Все это совершилось неожиданно и потому воспринималось Кузьминичной как несчастье, как наказание, которого она не заслужила.

Еще вчера вечером она была счастлива. Митя приехал из Москвы веселый, возбужденный, какой-то особенно красивый, и Кузьминична вдруг увидела, что перед ней не мальчик, а взрослый человек, что в душе сына что-то произошло большое, праздничное.

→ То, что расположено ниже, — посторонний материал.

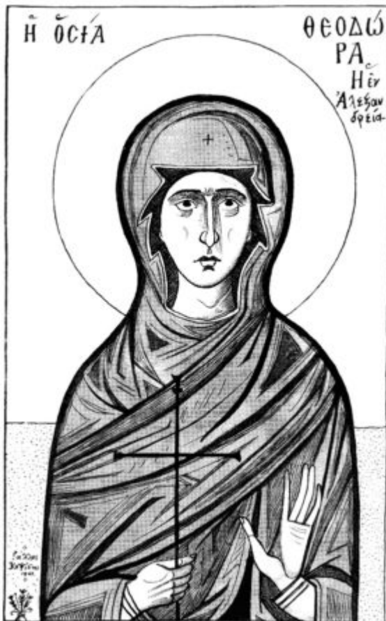
Αγία Θεοδώρα ἡ ἐν Ἀλεξανδρεία (ἔργο του Ράλλη Κοψίδη).

Κοντά στο μοναστήρι που ασκήτευε ἡ αγία Θεοδώρα υπήρχε μια λίμνη, όπου φώλιαζε ἕνας κροκόδειλος, ὁ οποίος καταβρόχθιζε ἀμέσως καθένα που τύχαινε να

«Полюбил, верно», подумала она, лаская сына, — ее рука легла на мягкие волнистые волосы каштанового цвета. А сын стоял высокий, по-отцовски сутулый, смотрел на нее и говорил грубоватым своим мужским голосом:



— Ну вот, мамуська… Хорошая ты…

Он стеснялся выражать вслух, обычными словами то, что переполняло его сердце, и умолк, прижавшись к материнской груди, а Кузьминична порывисто обняла сына, ощущая запах его волос и табака. И то, что он начал курить, не сердило ее, хоть она не выносила табачного дыма.

Да, это был мужчина, хотя Мите не исполнилось и восемнадцати лет. Он учился в Институте философии и литературы. Кузьминична не понимала толком, чему там обучают, но испытывала гордость, надписывая на конверте:

Студенту философского факультета.

Для нее, прожившей всю жизнь в деревне, вдали от большой дороги и городов, эти слова звучали таинственно и недоступно, но возвышенно, и, произнося их про себя, Кузьминична умилялась. И Митя, понимая, что матери трудно войти в его сложный мир, старался говорить с ней просто, как с ребенком.

— Мамуська, философия — это такая наука. Она открывает человеку, для чего он живет на земле…

— Каждый человек, Митенька, живет для своей радости. Я вот для тебя живу, мой ласковый…

— Это, мамуська, тоже философия, но… как тебе сказать… неправильная. Ведь если каждый для своей радости будет жить, то кто же будет добывать радость для всех? А жить нужно для всего народа, для родины, для всего человечества…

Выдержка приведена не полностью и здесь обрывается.